Macron, Presiden Perancis, Mengangkat Pemerintahan Baru Beberapa Minggu Setelah Pemilu yang Memecah Belah | Berita Pemerintah

Pengumuman ini adalah akhir dari lebih dari dua bulan ketidakpastian politik di negara anggota UE.

Presiden Perancis Emmanuel Macron telah menamai pemerintahan baru, berharap untuk mengakhiri 11 minggu ketidakpastian politik setelah pemilihan parlemen yang tidak menghasilkan mayoritas.

Perdana Menteri Konservatif Michel Barnier hari Sabtu merangkai pemerintahan yang tugas utamanya adalah mengajukan rencana anggaran 2025 mengatasi situasi keuangan Prancis, yang dinyatakan oleh perdana menteri pekan ini sebagai “sangat serius”.

Kabinet 38 anggota termasuk menteri dari aliansi sentris Macron dan partai konservatif Republikan (LR).

Tenggat waktunya mendekati, Antoine Armand, menteri keuangan baru, akan menyerahkan rencana anggaran ke parlemen bulan depan. Dia sebelumnya menjabat sebagai kepala Komite Urusan Ekonomi parlemen.

Jean-Noel Barrot adalah menteri luar negeri baru. Dia memiliki pengalaman luas menavigasi isu-isu internasional yang kompleks, terutama di dalam Uni Eropa.

Sebastien Lecornu, sekutu dekat Macron, tetap menjalankan jabatannya sebagai menteri pertahanan. Jabatan menteri dalam negeri dipegang oleh Bruno Retailleau, seorang konservatif teguh yang sekarang akan menangani isu-isu domestik krusial seperti keamanan nasional, imigrasi, dan penegakan hukum.
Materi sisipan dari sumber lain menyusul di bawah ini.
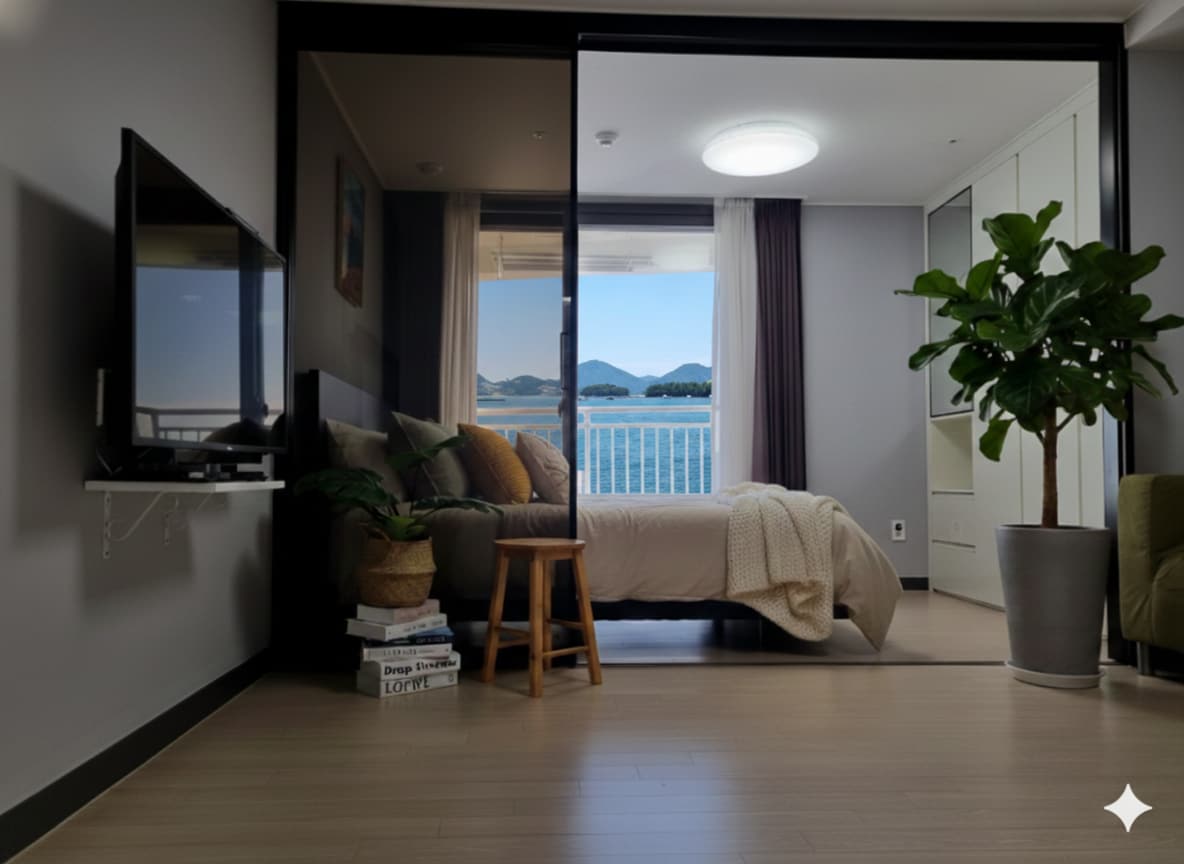 Þetta er ný bygging með sjávarútsýni með útsýni yfir Dolsan-brúna svo að hún er rúmgóð og hrein.🌊🩵 Það er mjög nálægt helstu áhugaverðu stöðunum og þetta er frábær staður fyrir vini og elskendur eða fjölskyldur 2-4 manna til að gista saman. Þetta er tvískipt bygging með stofu, eldhúsi, baðherbergi og svefnherbergi á fyrstu hæð (aðskilið rými frá stofu, queen-rúmi) og á annarri hæð er dýna sem rúmar tvo einstaklinga vel. Þú getur notið Yeosu næturútsýnisins og næturútsýnisins með útsýni yfir sólarupprásina að morgni og sjóinn fyrir framan Namhae frá öllum rýmum. Á annarri hæð er einnig hitavír svo að þú þarft ekki að hafa áhyggjur af kulda á veturna. Á sumrin er loftræsting kerfisins uppsett svo að þú getir kælt þig niður og notið frísins. (1 stofa, 1 svefnherbergi, 2 samtals) Í boði Disney Plus ott Það er staðsett í 1 mínútu akstursfjarlægð frá Yeosu Expo stöðinni. Maritime kláfferjur, Big O Show, Minam Cruise Fireworks Show, Yeosu Romantic Pocha Street, Odongdo Island, Aqua Planet og Marine Park eru í göngufæri. Þú getur einnig búið í Yeosu í mánuð og því biðjum við þig um að hafa samband við okkur. 🏡❣️
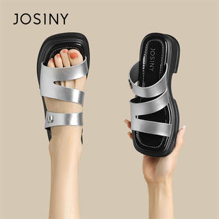 卓诗尼女鞋夏季新款粗跟凉鞋百搭高跟鞋浅口单鞋一脚蹬懒人鞋
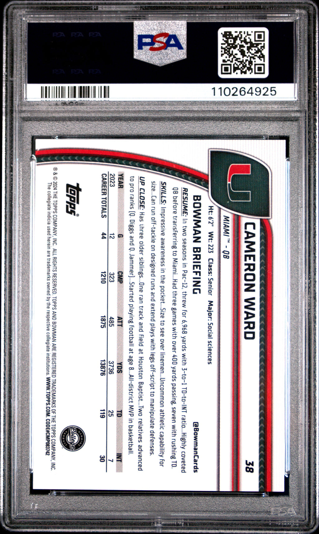 2024 Bowman University Chrome Cameron Ward Fuchsia Refractor #38 PSA 9 Don’t miss your chance to own this 2024 Bowman University Chrome Cameron Ward Fuchsia Refractor, graded PSA 9! This highly sought-after football card features the rising star Cameron Ward and is a must-have for collectors looking to add a rare and vibrant parallel to their collection. With only 5 graded at this level and just 1 graded higher, this card stands out for its scarcity and eye-catching design. Professionally authenticated by PSA with certification number 110264925, this card combines Bowman’s trusted quality with a stunning fuchsia refractor finish. Secure this limited gem today and showcase a standout piece from the 2024 Bowman University Chrome set in your collection! Graded: Yes Sport: Football Population Higher: 1 Set: 2024 Bowman University Chrome Parallel/Variety: Fuchsia Refractor Certification Number: 110264925 Grader: Professional Sports Authenticator (PSA) Manufacturer: Bowman Population: 5 Year Manufactured: 2024 Grade: 9 Player/Athlete: Cameron Ward Card Number: 38 Listed With Mascot.
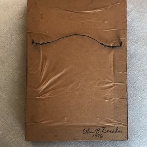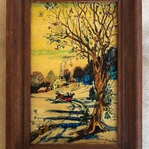 Vintage winter scene foil tinsel reverse painted artwork from 1976, artist signed - Ellen Donahue.
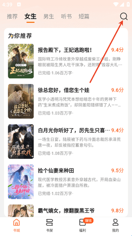 1、围炉小说首页中,拥有多个小说内容,可以根据封面选择,点击“搜索”按钮。
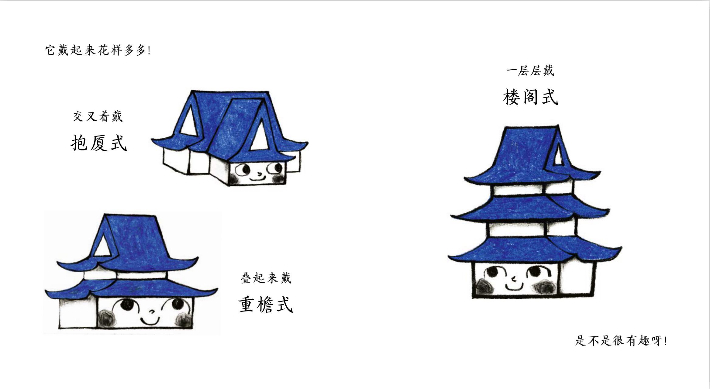 作者以真實的傳統建筑為原型,選取屋頂、鴟吻、窗欞、斗拱、瓦當和柱礎這六個頗有代表性的傳統建筑構件,讓他們自由地演繹自己的故事。比如,介紹屋頂時,想象成“給房子戴帽子”,不同的“帽子”有不同的名字,還有不同的戴法:
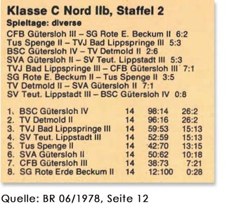 Unsere 1. Jugend-Mannschaft Saison 1977/78: Hinten v.l.: Klaus Voßhenrich, Detlef Schröder, Klaus Schawe, Ralf Speck. Vorne v.l.: Elke Bröder, Bettina Bohr, Rainer Boese.
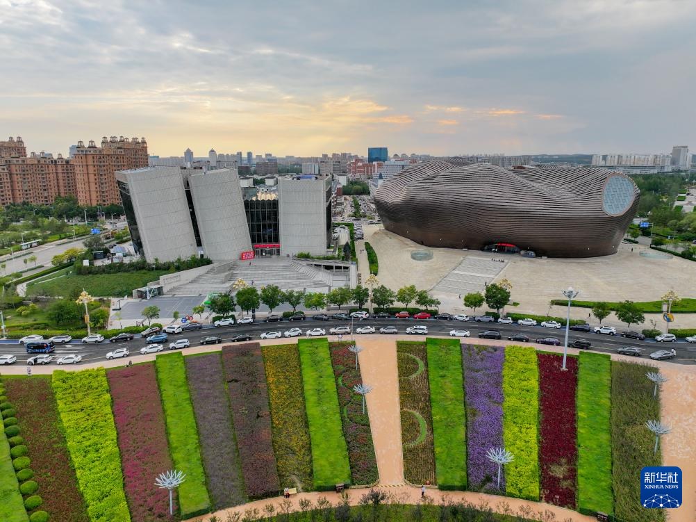 ??這是9月19日拍攝的鄂爾多斯市圖書(shū)館與博物院(無(wú)人機(jī)照片)。
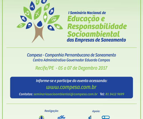 Com o apoio da ABES, a Companhia Pernambucana de Saneamento – Compesa promoverá, de 5 a 7 de dezembro, o I Seminário Nacional de Educação e Responsabilidade Socioambiental das Empresas de Saneamento (veja a programação abaixo).

Kemampuan Barnier untuk memerintah sudah dalam pengawasan, dengan lawan politiknya di kiri berjanji untuk menantangnya setiap saat. Partai kiri Jean-Luc Melenchon, Prancis yang Tegak, menggelar protes hari Sabtu menentang pemerintahannya.

National Rally sayap kanan jauh Marine Le Pen mengatakan akan memantau pemerintah dengan cermat dan memiliki cukup suara di parlemen untuk menjatuhkannya, tapi menyatakan kesiapannya untuk bekerja sama dalam isu-isu anggaran kunci.

Dalam pemilu bulan Juli, blok kiri yang disebut Front Rakyat Baru (NFP) memenangkan mayoritas kursi parlemen, tapi tidak cukup untuk meraih mayoritas secara keseluruhan.

Macron berargumen bahwa kiri tidak akan mampu mendapatkan cukup dukungan untuk membentuk pemerintahan yang tidak langsung dijatuhkan di parlemen. Dia kemudian meminta Barnier, 73, untuk memimpin pemerintahan yang lebih bergantung pada dukungan parlemen dari kelompok konservatif Republikan dan kelompok sentris, sambil mengandalkan sikap netral dari kanan jauh.

Bahkan sebelum pengumuman Sabtu, ribuan orang dengan simpati kiri turun ke jalan di ibu kota, Paris, dan kota pelabuhan selatan Marseille untuk mengprotes pembentukan pemerintahan yang mereka anggap tidak mencerminkan hasil pemilu parlemen.